Go to the line holding "Die Apartments Kresović" in the data below and repeat it exactly, then each line after it up to and including the one holding "Despite these assurances, the". Omit pictures.
[[ Information given, beginning ]]
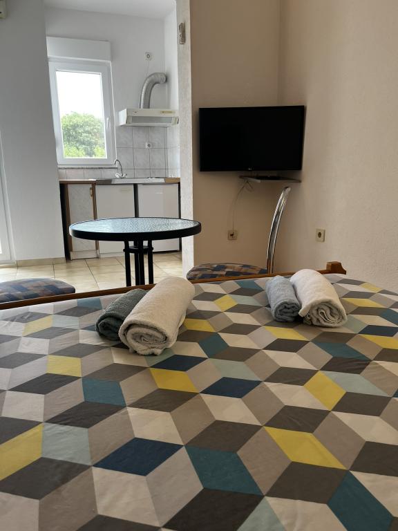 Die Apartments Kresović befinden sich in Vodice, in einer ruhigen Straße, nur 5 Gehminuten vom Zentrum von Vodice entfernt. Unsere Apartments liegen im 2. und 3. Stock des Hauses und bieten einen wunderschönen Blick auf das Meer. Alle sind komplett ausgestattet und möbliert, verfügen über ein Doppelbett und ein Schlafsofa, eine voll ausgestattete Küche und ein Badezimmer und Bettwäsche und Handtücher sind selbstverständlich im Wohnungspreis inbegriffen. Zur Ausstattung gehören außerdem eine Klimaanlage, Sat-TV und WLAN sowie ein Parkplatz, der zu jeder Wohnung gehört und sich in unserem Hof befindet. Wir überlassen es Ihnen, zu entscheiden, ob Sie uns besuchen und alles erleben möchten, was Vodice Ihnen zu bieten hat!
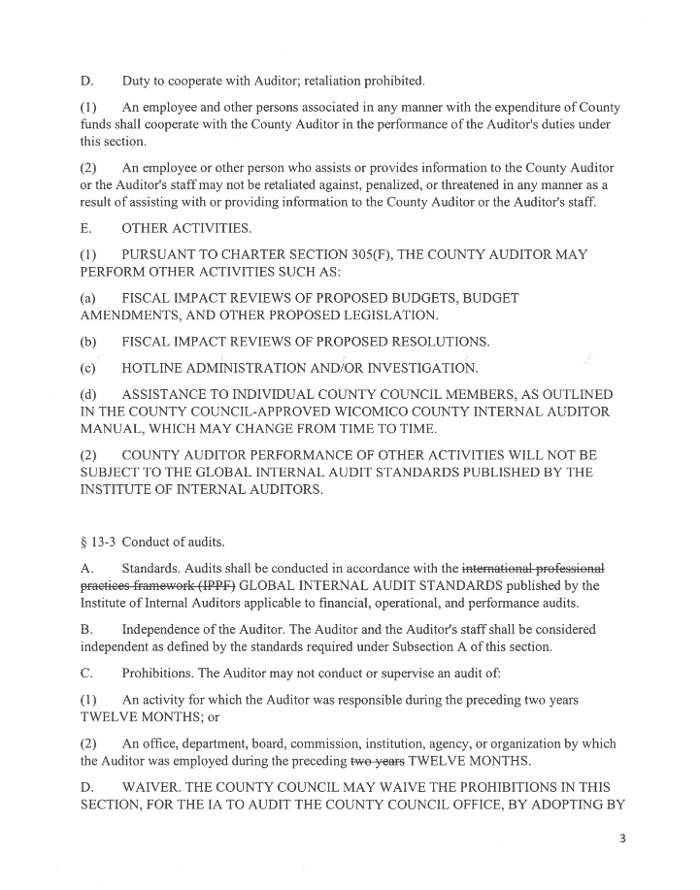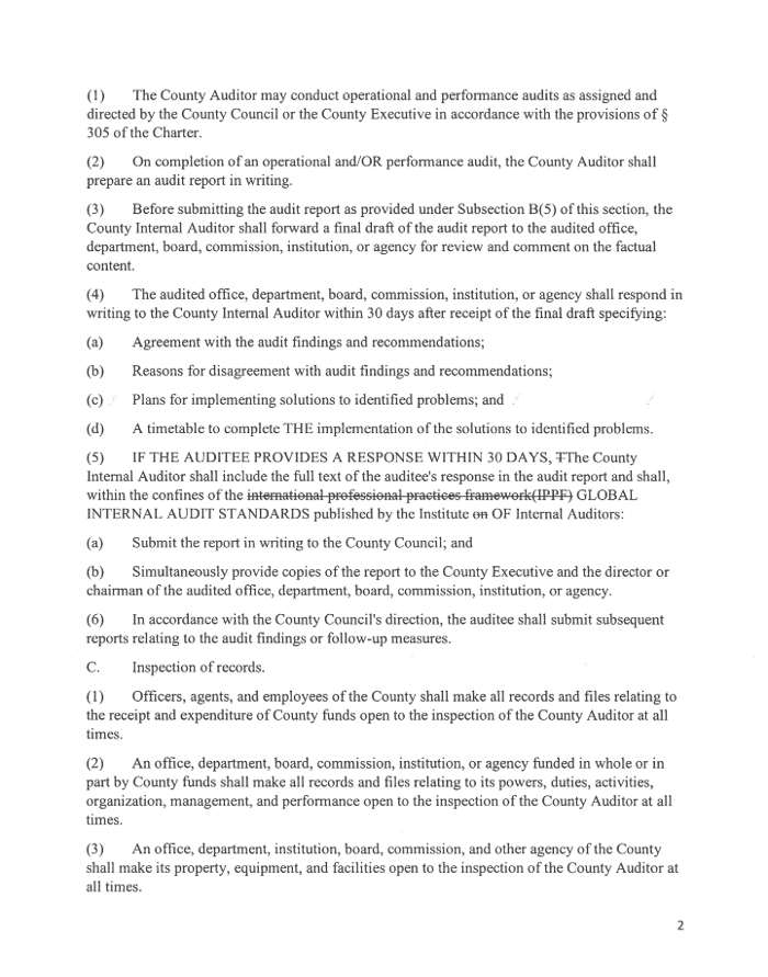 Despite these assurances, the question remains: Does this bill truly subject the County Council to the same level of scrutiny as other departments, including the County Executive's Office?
[[ Information given, end ]]
[[ Information given, beginning ]]
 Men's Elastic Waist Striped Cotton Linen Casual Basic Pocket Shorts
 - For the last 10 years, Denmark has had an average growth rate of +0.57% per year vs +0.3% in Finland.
[[ Information given, end ]]
[[ Information given, beginning ]]
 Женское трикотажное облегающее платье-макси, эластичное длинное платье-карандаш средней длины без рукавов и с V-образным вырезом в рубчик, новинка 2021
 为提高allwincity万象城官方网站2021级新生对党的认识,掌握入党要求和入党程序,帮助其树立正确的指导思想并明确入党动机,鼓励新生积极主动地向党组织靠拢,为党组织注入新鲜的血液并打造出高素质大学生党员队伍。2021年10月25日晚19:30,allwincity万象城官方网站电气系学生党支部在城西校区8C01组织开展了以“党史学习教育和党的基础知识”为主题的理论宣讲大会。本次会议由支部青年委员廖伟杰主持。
[[ Information given, end ]]
#### Exercise result:
 Die Apartments Kresović befinden sich in Vodice, in einer ruhigen Straße, nur 5 Gehminuten vom Zentrum von Vodice entfernt. Unsere Apartments liegen im 2. und 3. Stock des Hauses und bieten einen wunderschönen Blick auf das Meer. Alle sind komplett ausgestattet und möbliert, verfügen über ein Doppelbett und ein Schlafsofa, eine voll ausgestattete Küche und ein Badezimmer und Bettwäsche und Handtücher sind selbstverständlich im Wohnungspreis inbegriffen. Zur Ausstattung gehören außerdem eine Klimaanlage, Sat-TV und WLAN sowie ein Parkplatz, der zu jeder Wohnung gehört und sich in unserem Hof befindet. Wir überlassen es Ihnen, zu entscheiden, ob Sie uns besuchen und alles erleben möchten, was Vodice Ihnen zu bieten hat!
 Despite these assurances, the question remains: Does this bill truly subject the County Council to the same level of scrutiny as other departments, including the County Executive's Office?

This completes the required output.